Better Way To Determine Pixel's Hue Range

Hi!

I’m working on an application that assigns color names based on the hue of a pixel in an image. The method I am currently using is inelegant:

  1. Create a String array that holds the names of colors that I want to use.
  2. Get the hue at pixels[loc].
  3. Use a billion “if” statements to check which range the pixel’s hue falls into.
  4. Print the color name (to console, for now).

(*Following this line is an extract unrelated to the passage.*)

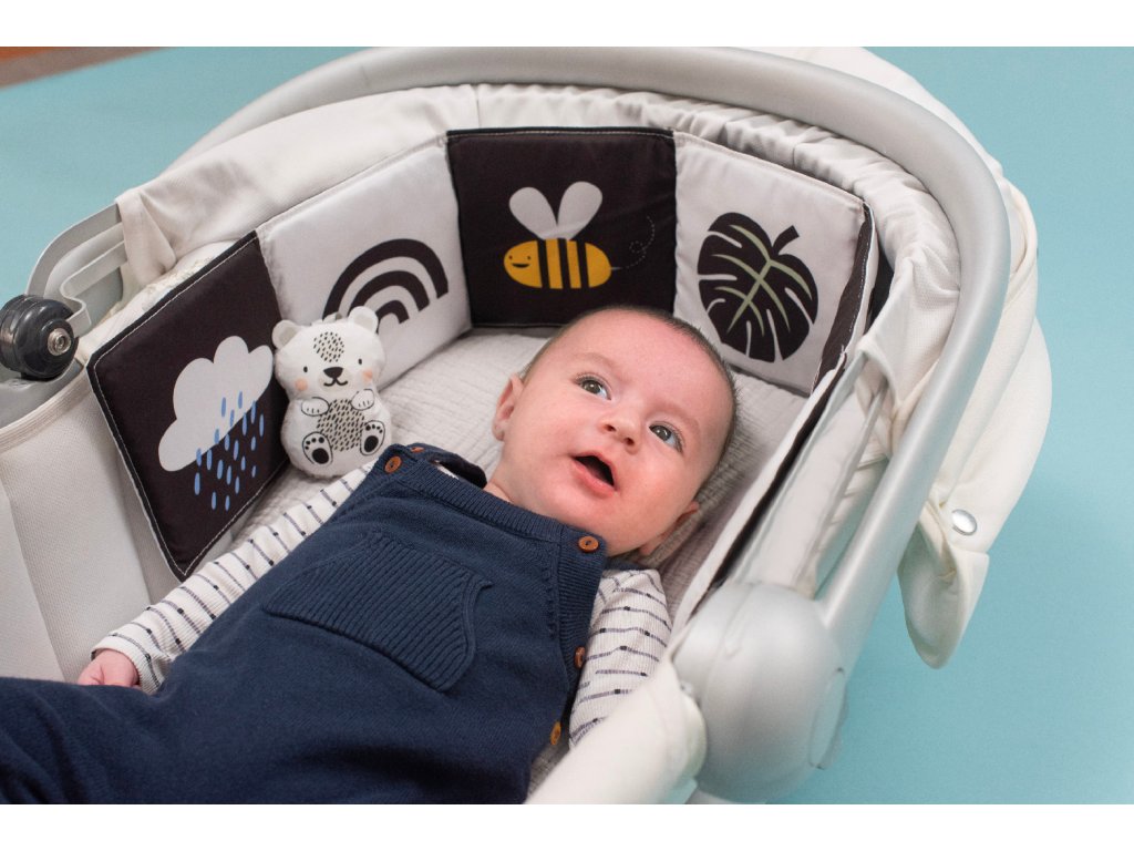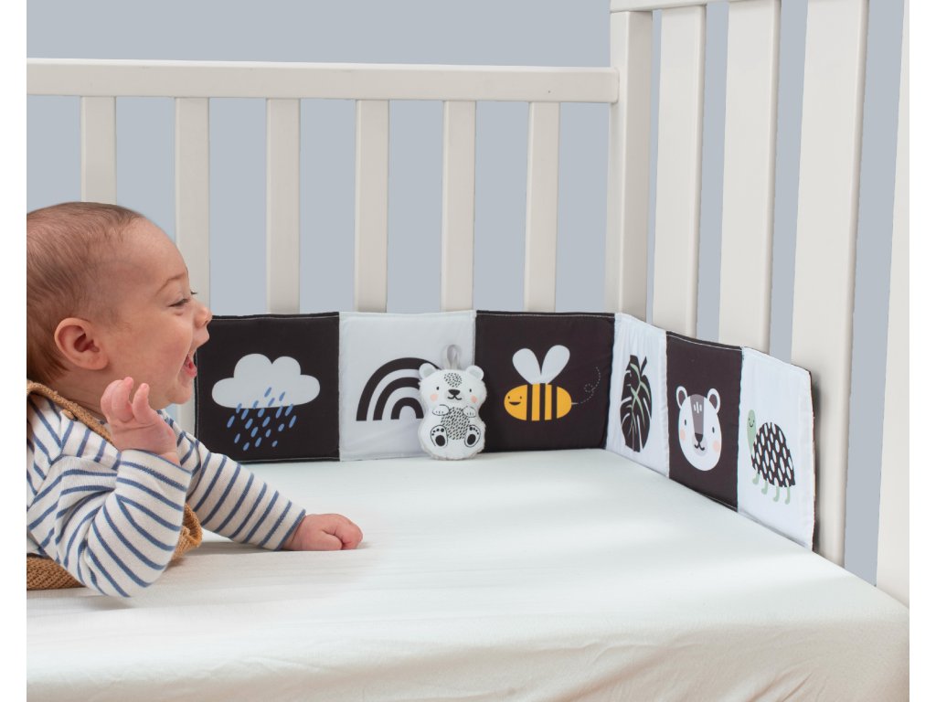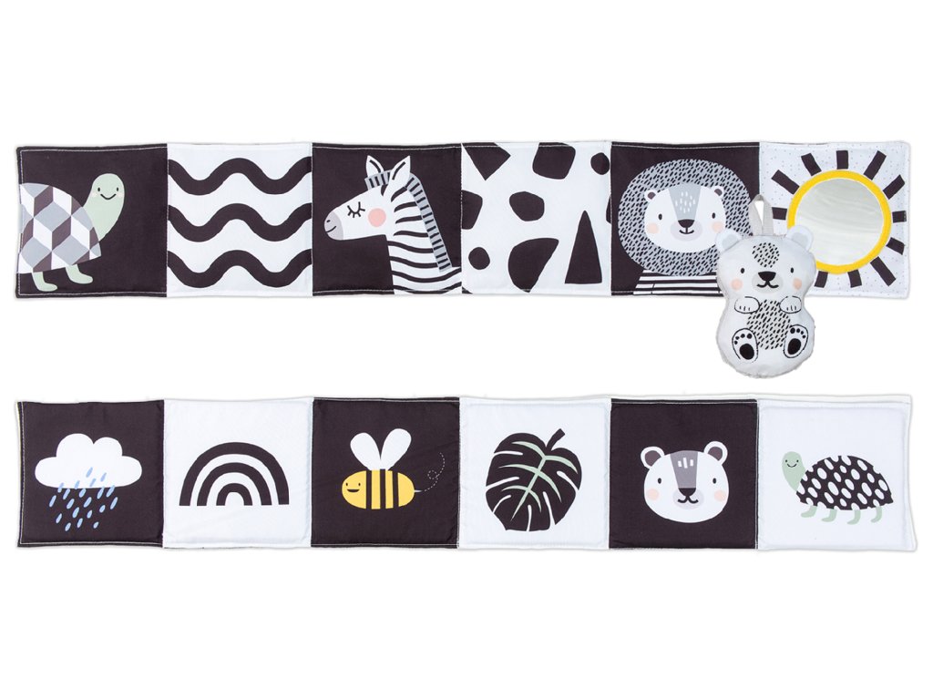 Obojstranná textilná knižka pre najmenších je určená do kočíka, postieľky aj na hraciu deku.

Here is an example of the code:

if ( 0.0 <= hue && hue < 30.0) {println(colorNameArray[0]);} // Red
else if ( 30.0 <= hue && hue < 60.0) {println(colorNameArray[1]);} // Orange
else if ( 60.0 <= hue && hue < 90.0) {println(colorNameArray[2]);} // Yellow

Is there a neater way to do this? Thank you!

1 Like

Maybe. Is each section 30 hue-units big? If so, just divide:

println(colorNameArray[int(hue/30)]);

If they’re not all 30, then you’ll have to put their amounts into an array. Then you can loop over it:

int[] bounds = {0, 30, 40, 50, 90, 120};

for( int i = 0; i < bounds.length-1; i++){
  if( bounds[i] <= hue && hue < bounds[i+1]){
    println(colorNameArray[i]);
  }
}
2 Likes

Perfect, exactly what I was looking for.

Thank you very much!

You might also be interested in

Java also has built-in names for a small palette of colors:

https://docs.oracle.com/javase/8/docs/api/java/awt/Color.html

so you could iterate over those and compare if you didn’t want to provide your own.

https://www.quora.com/Java-How-to-get-the-name-of-colors-in-Java-from-Hex-or-RGB-values

2 Likes

These were great reads, I learned something new and feel closer to solving my problem.

Thank you very much for your reply and your time!